The case is of interest for present purposes because the pursuer was of
a nervous disposition, and that had exacerbated his symptoms; the psychological
component was, however, regarded as part of the consequences of
asbestosis. That is in accordance with
the view that I have taken in the last paragraph. Reference was also made to Stanners v Graham Builders Merchants Ltd, 1995 SLT 728, where Lord Morton
of Shuna would have awarded solatium of £30,000 (worth £40,931 at the date of
proof) for lung fibrosis, had it been asbestosis; a fairly broad brush approach
was taken in that case. In Myles v Glasgow District Council, 1994 SCLR 1112, Lord Abernethy
awarded solatium of £27,000 (worth £37,169 at date of proof) for asbestosis
causing a disability of approximately 25%. In McKenzie v Cape Building Products Ltd, 1995 SLT 695, affirmed
1995 SLT 701, Lord Penrose awarded solatium of £25,000 (£35,750 at the date of
proof) for asbestosis which caused breathlessness. The breathlessness inhibited the pursuer's
ability to work but did not amount to a material incapacity.
[45] Counsel for the pursuer submitted that an award in the range of
£25,000 to £30,000 would be appropriate as solatium. He pointed out that in McKenzie v Barclay Curle Ltd the
pursuer was younger than the present pursuer, and the Lord Ordinary
pointed out that the degree of disability was particularly severe. In Kerr,
the pursuer was younger, and had a relatively high (10%) risk of contracting
lung cancer; in the present case that risk was assessed at 5 per cent. In Stanners
the pursuer's life expectancy was only five years, and consequently the
case seemed rather more serious than the present. In Myles
the symptoms were, it was submitted, not dissimilar to the present case; if
anything they were less severe. The
pursuer was, however, younger. In McKenzie v Cape Building Products Ltd, the pursuer was younger than the
present pursuer, and his risk of lung cancer was 10%. The fibrosis was progressive. In the Inner House the award of £25,000 was
said not to the wholly unreasonable; I note that the Lord Justice Clerk stated
that it fell comfortably within the range of awards cited.
[46] In all the circumstances I am of opinion that an appropriate
award of solatium would be £38,000. The
present case appears to me to be somewhat more serious than McKenzie v Cape Building Products Ltd, where the pursuer did not suffer from
a material incapacity. I think that the
awards made in McKenzie v Barclay Curle Ltd and Kerr provide a reasonably good
guide. In the former case the disability
attributable to asbestos-related conditions was assessed at 25 per cent, and in
the latter case at 30 per cent. In the
present case the level of disability is assessed at 25 per cent or slightly
greater. The pursuer is, however,
slightly older than the pursuers in those cases, and I have taken that into
account. In the present case there is no
loss of life expectancy. I would
accordingly have attributed one-third of the solatium to the past, and would
have awarded interest at 4 per cent per annum from 1 January 2002, the approximate date when the pursuer's
problems started, to the date of the award, and interest at the rate of 8 per cent
from the date of decree.
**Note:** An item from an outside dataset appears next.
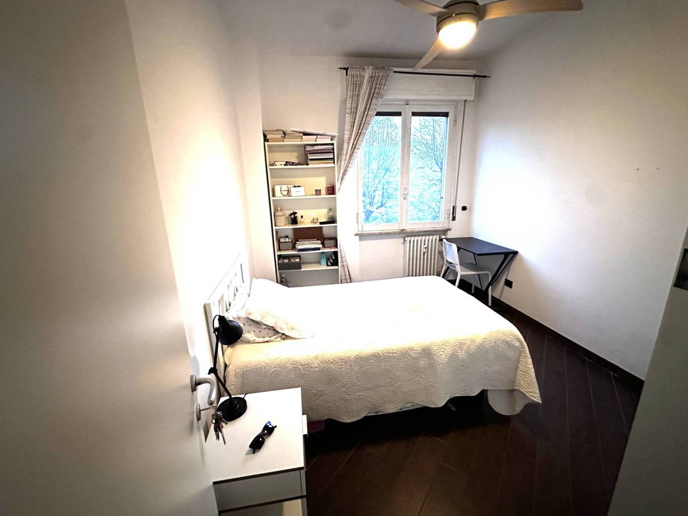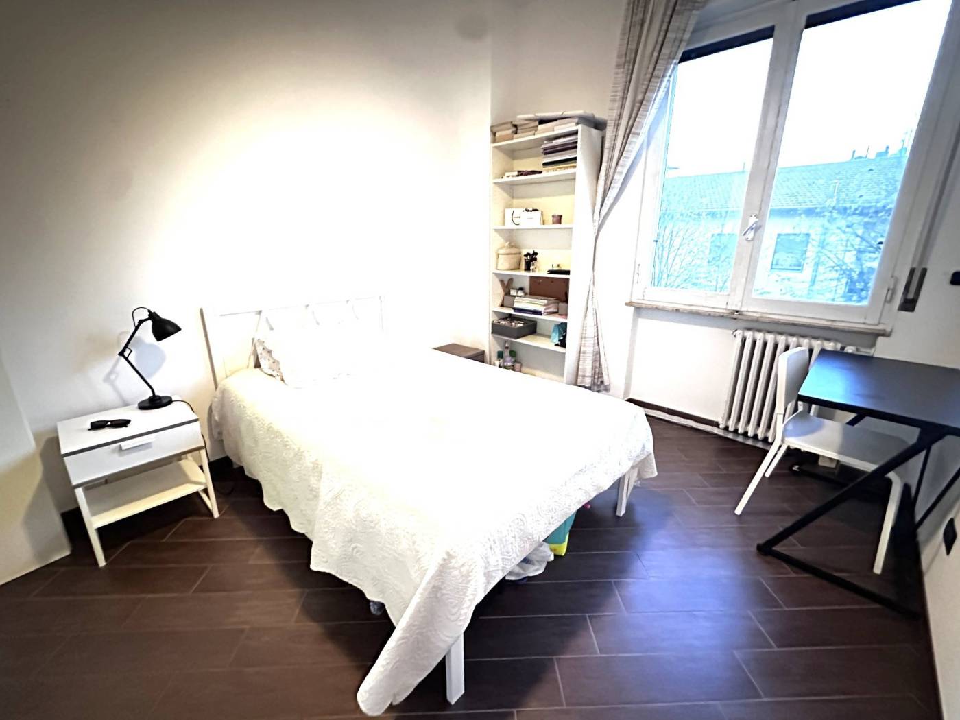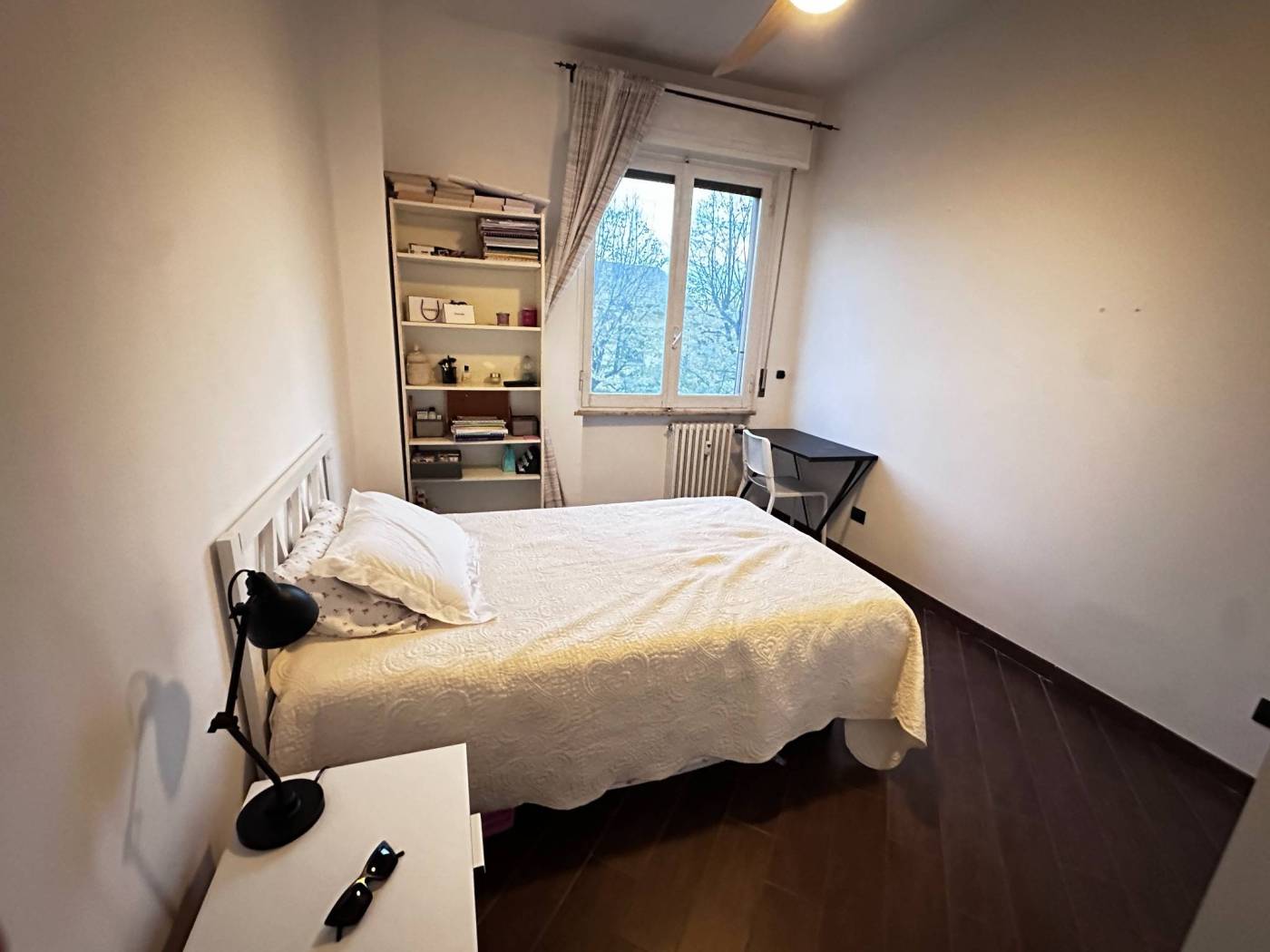 La camera è arredata con letto piazza/mezzo con struttura, due comodini, armadio a due ante con cassetti, libreria e scrivania con sedia.

So far as
earnings loss is concerned, I would have awarded interest at the rate of 4 per cent
per annum from 8 June 2002
on £1400 and the same rate from 1
February 2003 on £25,000.
Those rates would have continued until 6 August 2005, immediately before the pursuer gave up
work; interest of 8 per cent would have been awarded thereafter. Finally, I should note that it was agreed
that, if any award were made, it should be divided among the defenders in the
following proportions: 2.5 per cent against the first defenders, 82.5 per cent
against the second defenders and 15 per cent against the third defenders.
[47] For the reasons stated above, however, I will assoilzie the
defenders from the conclusions of the summons.